Het lid Smals (VVD) heeft verzocht om ook het effect op leerbedrijven en hun bereidheid
om stages binnen de pilot te verlenen mee te nemen. Mede in het licht van deze verzoeken
ga ik aan de slag met de uitwerking van een pilot op het gebied van stagematching.
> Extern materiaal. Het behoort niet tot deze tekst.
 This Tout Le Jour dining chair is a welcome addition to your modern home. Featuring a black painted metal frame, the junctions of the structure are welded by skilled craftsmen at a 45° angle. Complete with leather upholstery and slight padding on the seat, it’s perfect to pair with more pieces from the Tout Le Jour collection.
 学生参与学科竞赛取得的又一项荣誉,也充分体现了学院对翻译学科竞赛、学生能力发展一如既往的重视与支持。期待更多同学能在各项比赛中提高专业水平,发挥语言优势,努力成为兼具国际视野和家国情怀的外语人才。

Momenteel wordt eraan gewerkt om deze pilot onder te brengen binnen het NRO programma
Gelijke kansen richting de toekomst (2020–2023). In de praktijk blijken veel scholen op wisselende wijzen studenten aan
stages te matchen. De werkwijzen verschillen per mbo-school en kunnen daarbinnen variëren
per opleiding. Sommige scholen hebben een sterk netwerk van leerbedrijven waarin zij
studenten direct plaatsen. Anderen wijzen op vacatures bij specifieke bedrijven of
hebben een specifiek stagebureau. De pilot zal bestaan uit een vergelijkend onderzoek
van bestaande werkwijzen voor het matchen van stages. Het geeft inzicht in de verschillen
tussen diverse werkwijzen rond stagematching en de wijze waarop dit doorwerkt in de
ervaring van studenten. Zo wordt bij het onderzoek ook betrokken hoe de student, het
leerbedrijf en de opleiding de verschillen in het proces van stagematching ervaren.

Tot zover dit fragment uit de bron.